* _Directions_
Reproduce every record below exactly, without the pictures.

#####

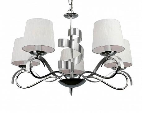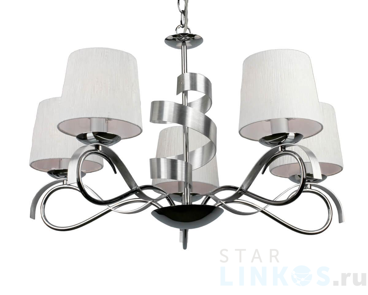Поставщик рекомендует использовать лампы накаливания с цоколем E14 для освещения площади 12 м2. Подвесная люстра Omnilux OML-60103-05 в классическом стиле используется в интерьере гостиной с установкой на потолок.
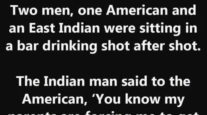 Two men, one American and an East Indian were sitting in a bar drinking shot after shot. The Indian man said to the American, ‘You know my parents are forcing me to get married to this so called homely girl from a village whom I haven’t even met once.’ We call this arranged marriage. I don’t want to marry a woman whom I don’t love… I told them that openly and now have a hell lot of family problems.’
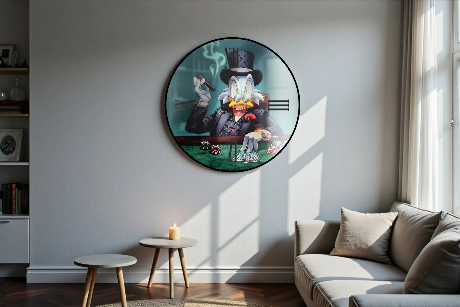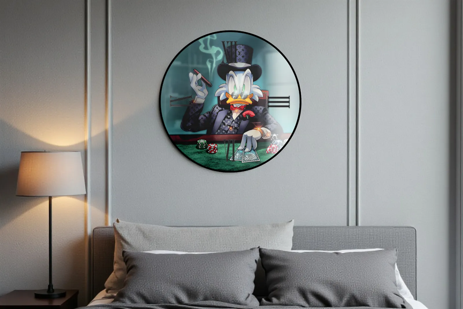 Orologio Tondo Blu Paperone – Stampa in vetro temperato da parete perfetto per valorizzare ogni spazio della casa con un tocco elegante, moderno e originale. Realizzato con materiali di alta qualità per un tocco di classe in ogni ambiente. Design unico con stampa tridimensionale.
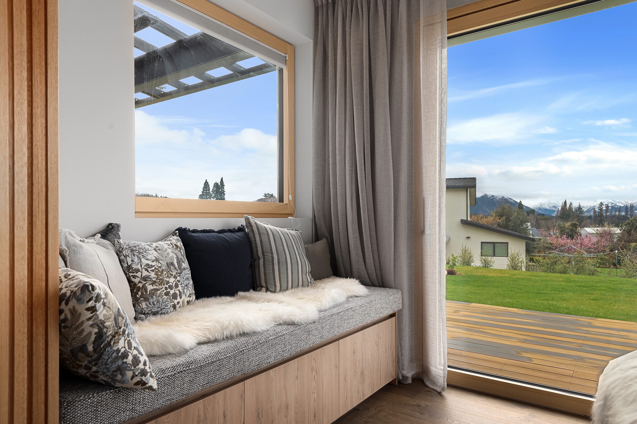 The kitchen “is a huge feature, the automatic high cupboard panels are a real treat to use,” says Mark about the joinery, which was completed by Tarras-based HBH Joinery and exudes the ideal blend of luxury and lakeside seclusion.
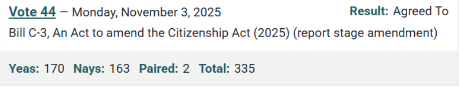 Bill C-3, “An Act to amend the Citizenship Act,” passed with 169 in favour to 163 against in the House of Commons on Monday after the NDP voted to reverse the amendments made by the Bloc Québécois and Conservatives during a committee. The NDP had no say at the committee level, as they do not hold official party status.
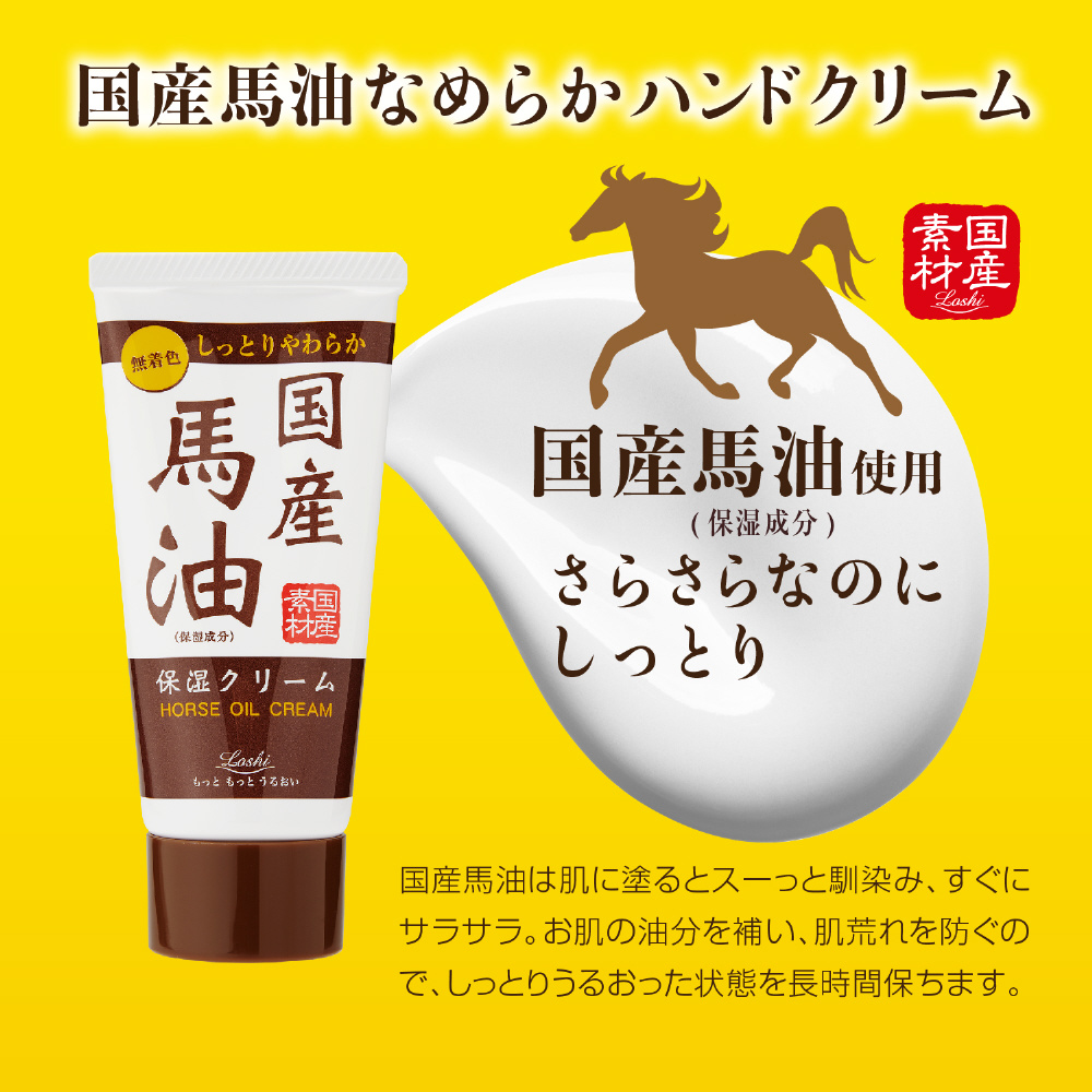 乾燥しがちな手肌に、古来から万能保湿剤として使用される馬油が、潤いを持続させます。
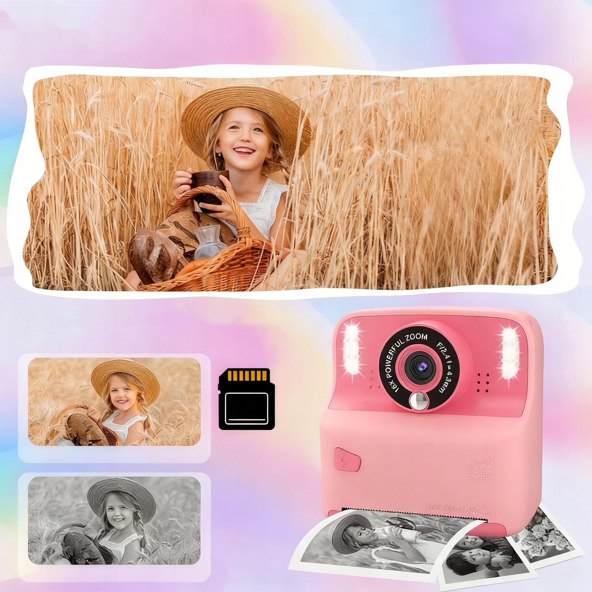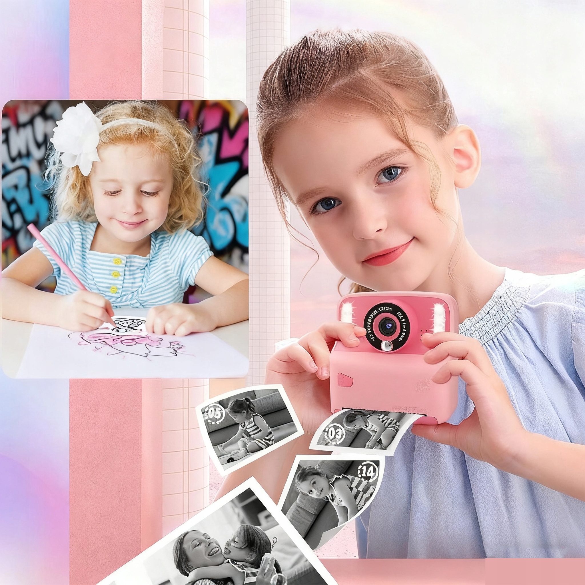 Наша дитяча камера для миттєвого друку — найкращий подарунок для дівчаток і хлопчиків віком 3-12 років. Будь то дні народження, Різдво, свята чи подорожі, ця камера принесе нескінченну радість. Це міні-портативна та модна фотокамера для малюків, яка миттєво друкує чарівні чорно-білі фотографії. Ідеально підходить для маленьких, хто любить фотографувати, і для тих, хто хоче створити власні миттєві спогади.
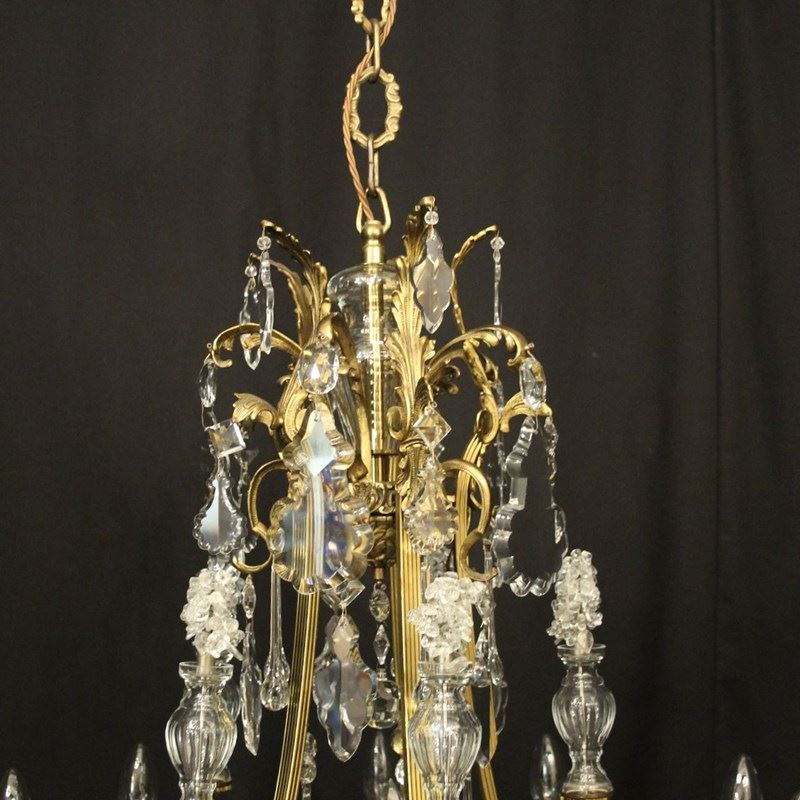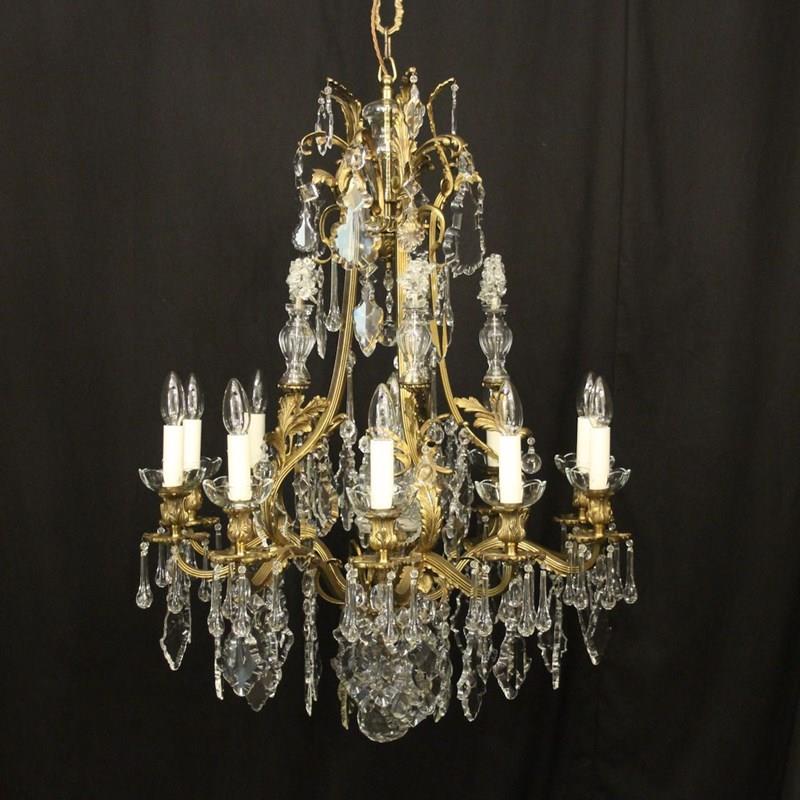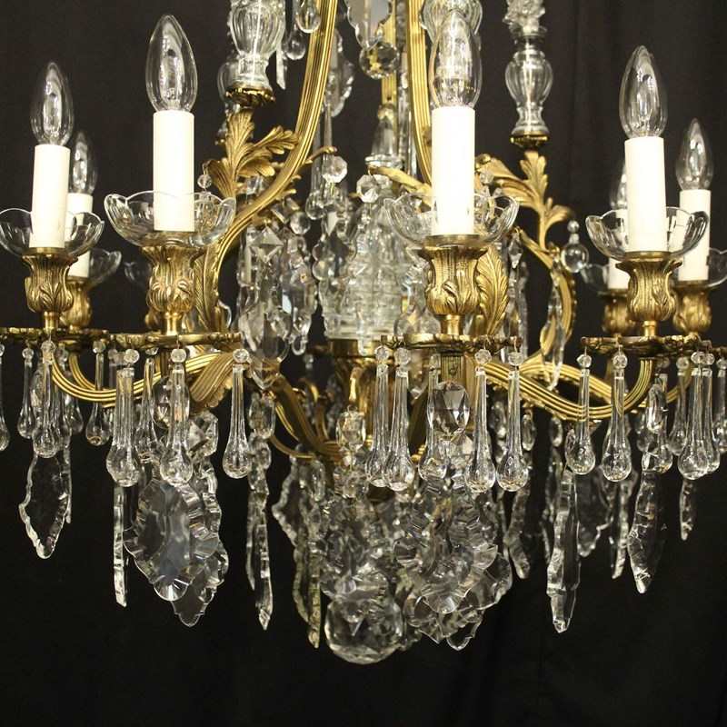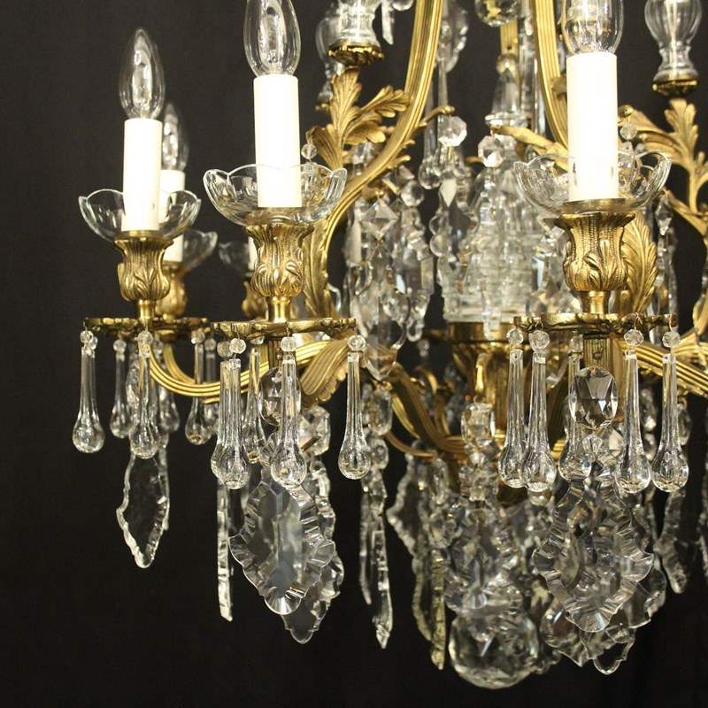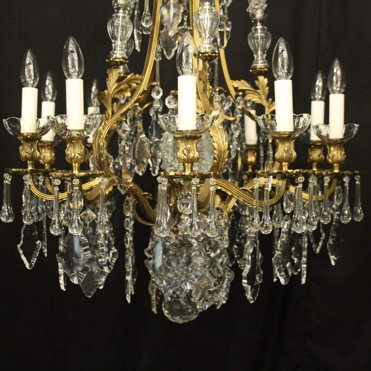 A French gilded bronze and crystal 11 light birdcage form antique chandelier, the acanthus leaf reeded scrolling arms with foliated leaf and glass bobeche drip pans with bulbous leaf candle sconces, issuing from a cage form interior with a large prismatic crystal centre and ornate scrolling canopy with glass baluster column, decorated overall with French Slab crystal faceted pendants, super crisp casting and nice quality. Fully rewired and PAT tested. All our chandeliers come with bulbs and ceiling fixings.
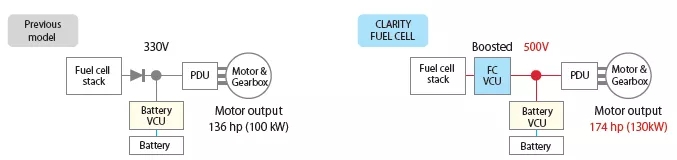 本田的电电混合系统,由燃料电池、锂离子电池通过本田特有的部件FCVCU进行连结。
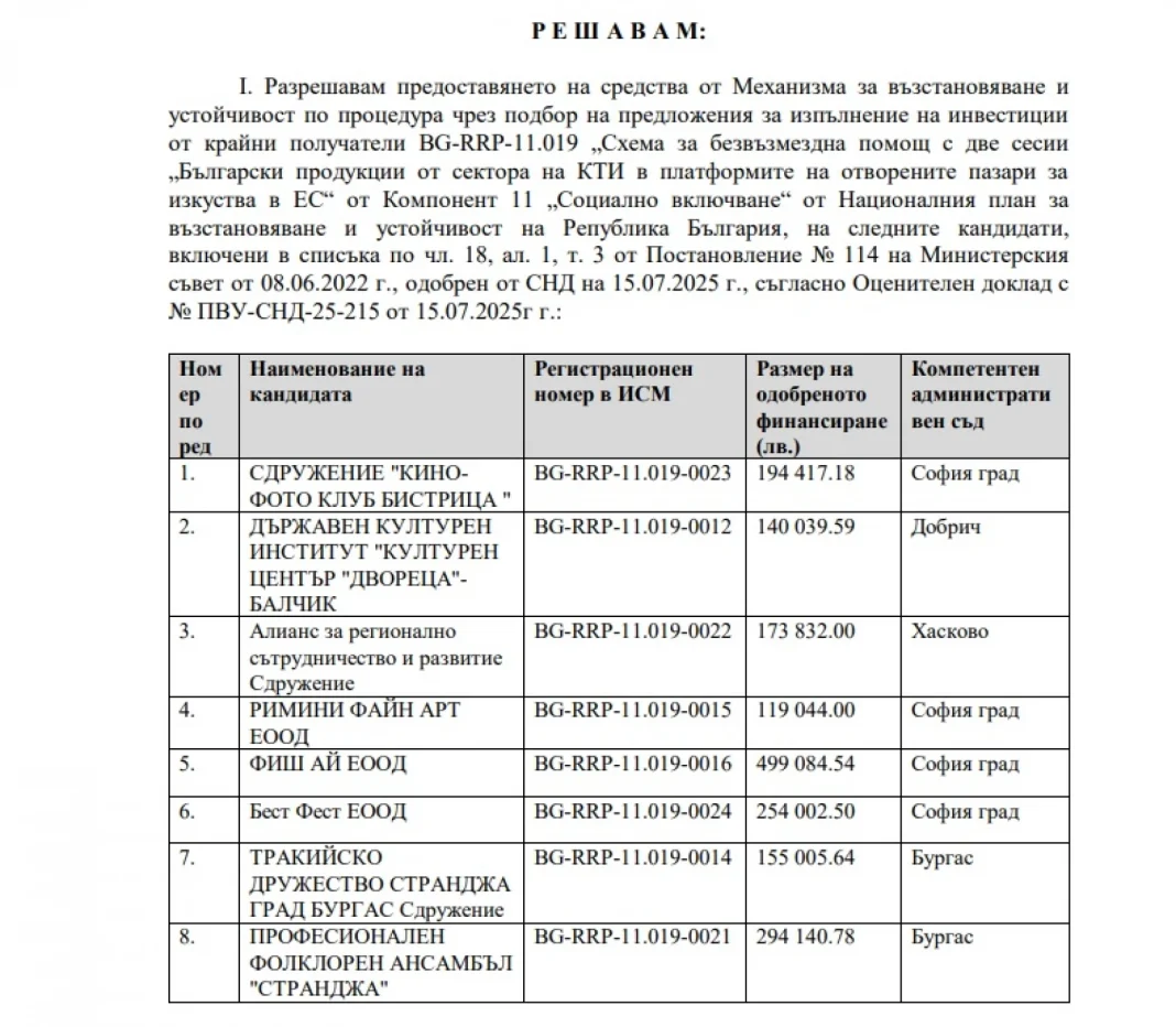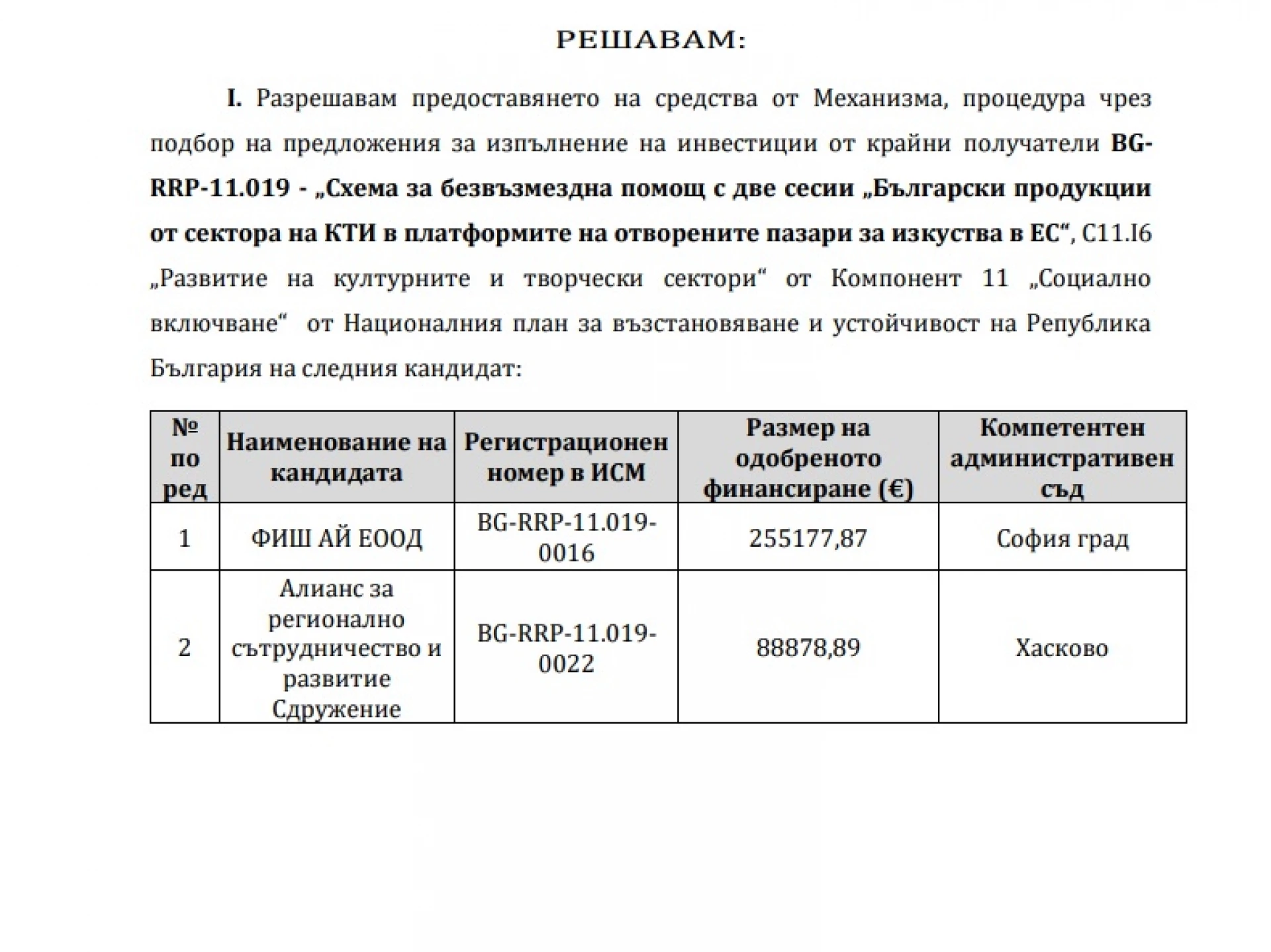 От справката става ясно, че на 19 декември 2025 г. фирмата получава 499 084, 54 лв. по процедура BGRRP-11.019. Липсват име и описание на проекта. По информация на „Площад Славейков“ Фиш Ай ЕООД печели финансиране още веднъж – този път 255 177,87 лв., за проекта „DESOLE“.
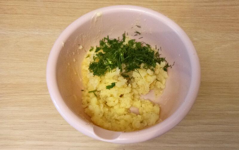 Ну ось картопляна начинка готова. Вона в міру солона і перчена, ситна і з приємним кропним присмаком.
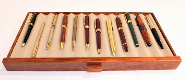 NOVE STILOGRAFICHE E UNDICI PENNE TRA BIRO E LAPIS

#####

* _Result below_
Поставщик рекомендует использовать лампы накаливания с цоколем E14 для освещения площади 12 м2. Подвесная люстра Omnilux OML-60103-05 в классическом стиле используется в интерьере гостиной с установкой на потолок.
 Two men, one American and an East Indian were sitting in a bar drinking shot after shot. The Indian man said to the American, ‘You know my parents are forcing me to get married to this so called homely girl from a village whom I haven’t even met once.’ We call this arranged marriage. I don’t want to marry a woman whom I don’t love… I told them that openly and now have a hell lot of family problems.’
 Orologio Tondo Blu Paperone – Stampa in vetro temperato da parete perfetto per valorizzare ogni spazio della casa con un tocco elegante, moderno e originale. Realizzato con materiali di alta qualità per un tocco di classe in ogni ambiente. Design unico con stampa tridimensionale.
 The kitchen “is a huge feature, the automatic high cupboard panels are a real treat to use,” says Mark about the joinery, which was completed by Tarras-based HBH Joinery and exudes the ideal blend of luxury and lakeside seclusion.
 Bill C-3, “An Act to amend the Citizenship Act,” passed with 169 in favour to 163 against in the House of Commons on Monday after the NDP voted to reverse the amendments made by the Bloc Québécois and Conservatives during a committee. The NDP had no say at the committee level, as they do not hold official party status.
 乾燥しがちな手肌に、古来から万能保湿剤として使用される馬油が、潤いを持続させます。
 Наша дитяча камера для миттєвого друку — найкращий подарунок для дівчаток і хлопчиків віком 3-12 років. Будь то дні народження, Різдво, свята чи подорожі, ця камера принесе нескінченну радість. Це міні-портативна та модна фотокамера для малюків, яка миттєво друкує чарівні чорно-білі фотографії. Ідеально підходить для маленьких, хто любить фотографувати, і для тих, хто хоче створити власні миттєві спогади.
 A French gilded bronze and crystal 11 light birdcage form antique chandelier, the acanthus leaf reeded scrolling arms with foliated leaf and glass bobeche drip pans with bulbous leaf candle sconces, issuing from a cage form interior with a large prismatic crystal centre and ornate scrolling canopy with glass baluster column, decorated overall with French Slab crystal faceted pendants, super crisp casting and nice quality. Fully rewired and PAT tested. All our chandeliers come with bulbs and ceiling fixings.
 本田的电电混合系统,由燃料电池、锂离子电池通过本田特有的部件FCVCU进行连结。
 От справката става ясно, че на 19 декември 2025 г. фирмата получава 499 084, 54 лв. по процедура BGRRP-11.019. Липсват име и описание на проекта. По информация на „Площад Славейков“ Фиш Ай ЕООД печели финансиране още веднъж – този път 255 177,87 лв., за проекта „DESOLE“.
 Ну ось картопляна начинка готова. Вона в міру солона і перчена, ситна і з приємним кропним присмаком.
 NOVE STILOGRAFICHE E UNDICI PENNE TRA BIRO E LAPIS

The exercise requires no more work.